The ethics of depicting sexual assault on screen have been debated at length in recent years. Series like Game of Thrones have come under fire for – so the argument goes – using gratuitous rape scenes as a means of cheap provocation. Even works that tackle sexual assault adultly and progressively, such as 2021’s medieval epic The Last Duel – which dramatised a rape twice, from the point of view of both victim and perpetrator – have faced criticism for depicting it outright; for some people, there is unequivocally no right way to depict rape on screen. It would be reductive to assess The Royal Hotel wholly in light of this discourse, but the idea that a rape scene would have in any way augmented the film’s message is entirely wrong-headed.

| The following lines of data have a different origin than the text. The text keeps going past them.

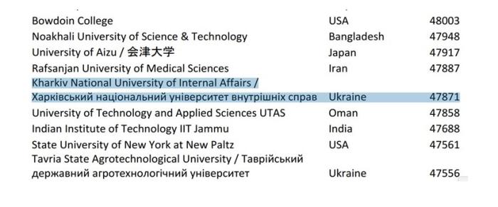 До рейтингу занесено лише університети, що мають понад 1000 цитувань. Серед 107 українських університетів до рейтингу увійшло шість ЗВО МВС України.
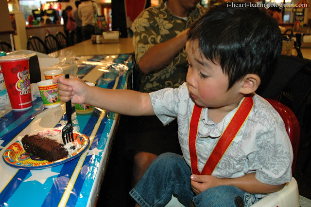 Then that weekend, we had a small party at Chuck E Cheese, and I made my first ice cream cake ever. It was a layer of chocolate cake, with a layer of homemade mint oreo ice cream ...
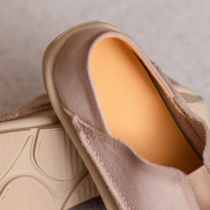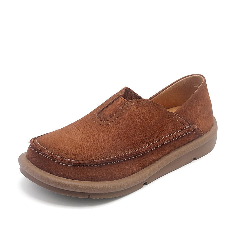 These Vintage Barefoot Leather Loafers feature a round toe and a naturally flexible design that lets your feet move comfortably and freely. Made from premium top-grain cow leather, the upper is soft, breathable, and shaped for daily comfort. The slip-on construction includes an elastic band on the instep for an easy, secure fit. A lightweight, durable rubber outsole offers excellent grip, making these flats ideal for everyday wear, commuting, or relaxed weekend outfits. Blending casual style with a touch of retro charm, these loafers are perfect for anyone who prefers comfort, simplicity, and minimalist barefoot flexibility.
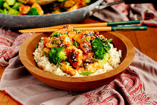 Immediately pour sauce over chicken and serve with white or brown rice and choice of vegetables.
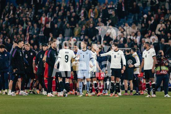2821170 Sinsheim, Alemanha, 10 de outubro de 2025. Comemoracao da selecao alema apos a vitoria com aperto de mao durante a partida das Eliminatorias Europeias da UEFA entre Alemanha e Luxemburgo na PreZero Arena, em Sinsheim, Alemanha. (Gabor Baumgarten / SPP) (Gabor Baumgarten / SPP)
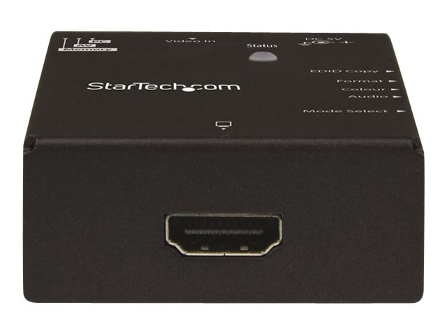 Add copied or ghosted EDID (Extended Display Identification Data) to your HDMI signal to ensure compatibility with your display or projector. This EDID emulator resolves video communication problems that can occur between your HDMI video source and display. The emulator can copy or synthesize the Extended Display Identification Data (EDID) from your HDMI display and relay it to your video source, to fix problems that may result from using third-party equipment such as video extenders, video switches or KVMs in your video setup.
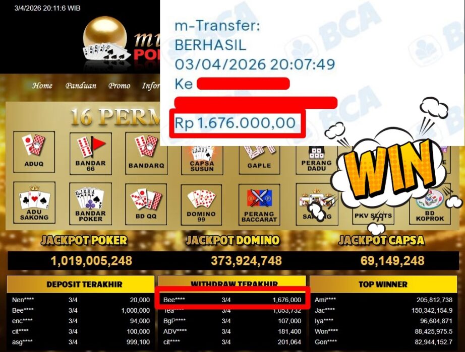 Bukti Withdraw ( 1.676.000,-) Member Setia Mutiarapoker
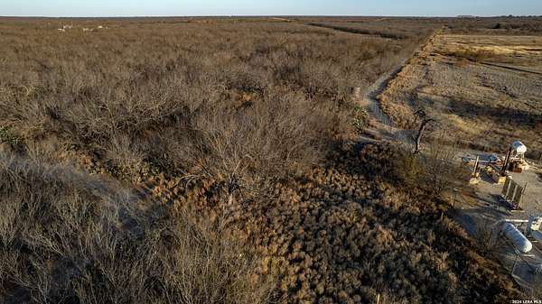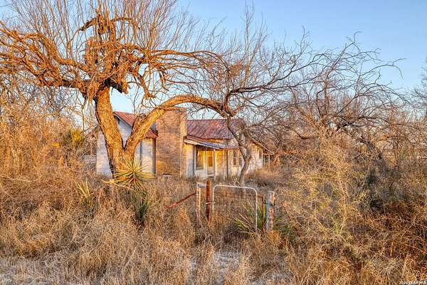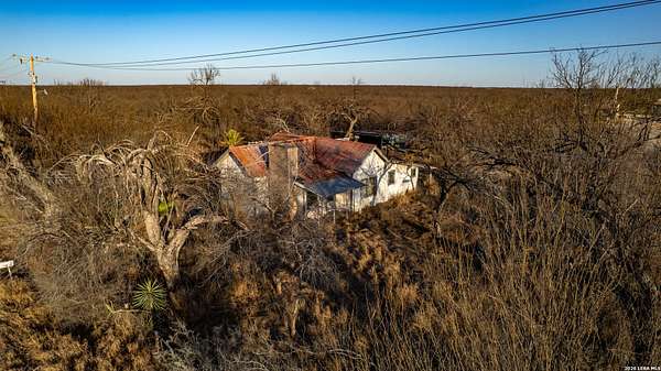 Situated just outside the city limits, this 6.5-acre property offers space, privacy, and flexibility with the benefit of a lower tax base. Located only minutes from town and approximately 100 yards off Highway 83, the setting provides easy access while still delivering a peaceful, country feel. The property features a 2-bedroom, 1-bath home with just over 1,000 square feet, originally built around 1930. Nearly a century old, the home showcases authentic rustic farmhouse charm, including a brick fireplace, covered front porch, and metal roof. The structure has been vacant for an extended period and is ready for a new owner to decide its future-restore and renovate, or start fresh with a new build. The land itself is a standout, dotted with mature mesquite trees and native South Texas brush. Interior roads wind through the acreage, and there are visible signs of wildlife throughout the property, making it appealing for those who enjoy the outdoors. Utilities are already in place. The existing well and septic systems have not been used in many years, and their current condition is unknown. With multiple potential uses-renovation project, new construction, manufactured home placement, or possible commercial use due to proximity to Highway 83-this property offers versatility and value. Priced affordably with a focus on land, location, and existing infrastructure, this is a rare opportunity to own acreage with endless possibilities in Carrizo Springs.
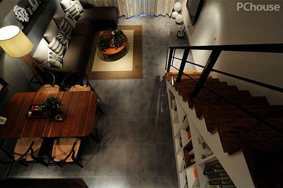 编辑点评:站在楼上俯瞰,楼下的画面俨然成为一种静止的画面。设计师呈现的这种LOFT生活方式,让人感觉到在繁华的都市中,也能体验到不羁的自由和洒脱之感。
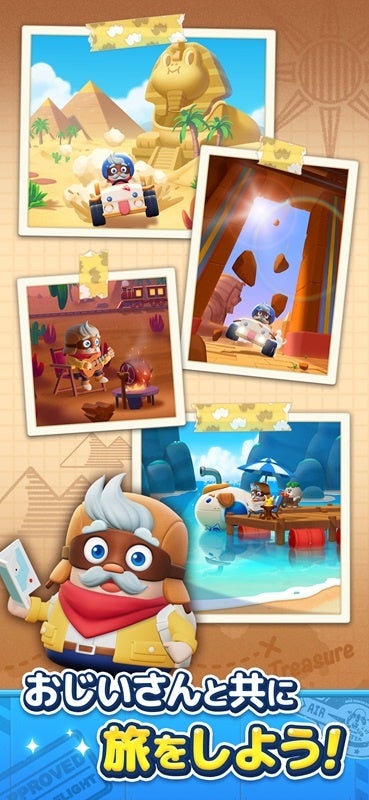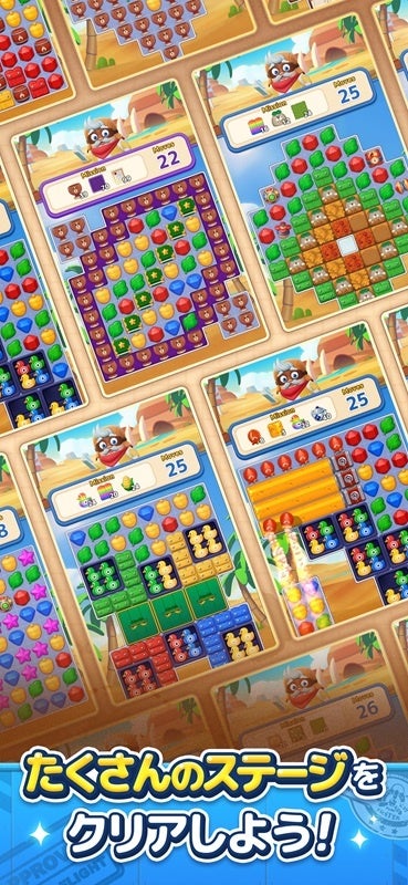 パズルをプレイしてステージをクリアするとワールドマップが進行。"旅の記録(ホームイラスト)"が変わりフランクの旅を一緒に楽しむことができます。フランクが魔法のカバン君“ポチ”と出会って始める旅路を楽しんでください。さまざまなワールドを旅した先に、果たしてフランクの憧れ「シークレット島」までたどり着けるのか!?
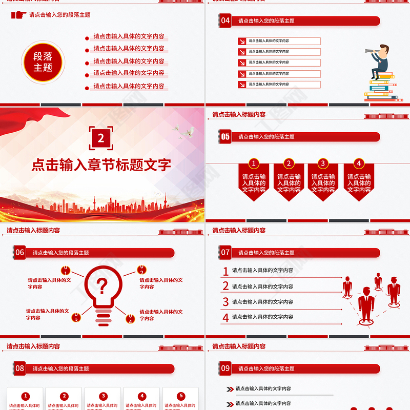 红色创意党政机关党建工作总结述职汇报PPT模板 Array
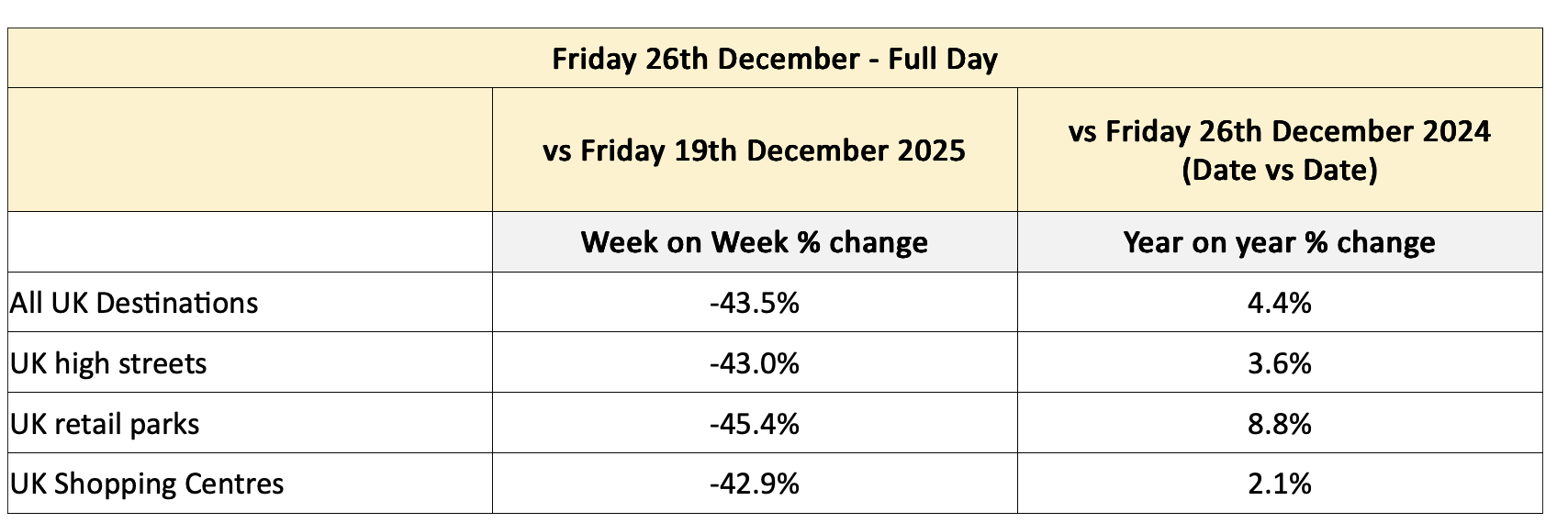 Footfall data from retail technology specialist MRI Software shows strong performance for UK retail destinations on Boxing Day with footfall up +4.4% year on year across the board; the strongest increase seen in over ten years.

Viewers are not idiots. It is unlikely anyone will walk out of The Royal Hotel with any illusions about what the film is saying. If anything, its message is made sharper by the film’s refusal to provide audiences with a “boiling point”. The sexism and intimidation that Hanna and Liv experience at the bar aren’t simply pieces of foreshadowing, a precursor to some greater wrong. They are the wrong. The film isn’t about an act of sexual assault, but about the environments that allow rapists to thrive. And on this, it speaks volumes.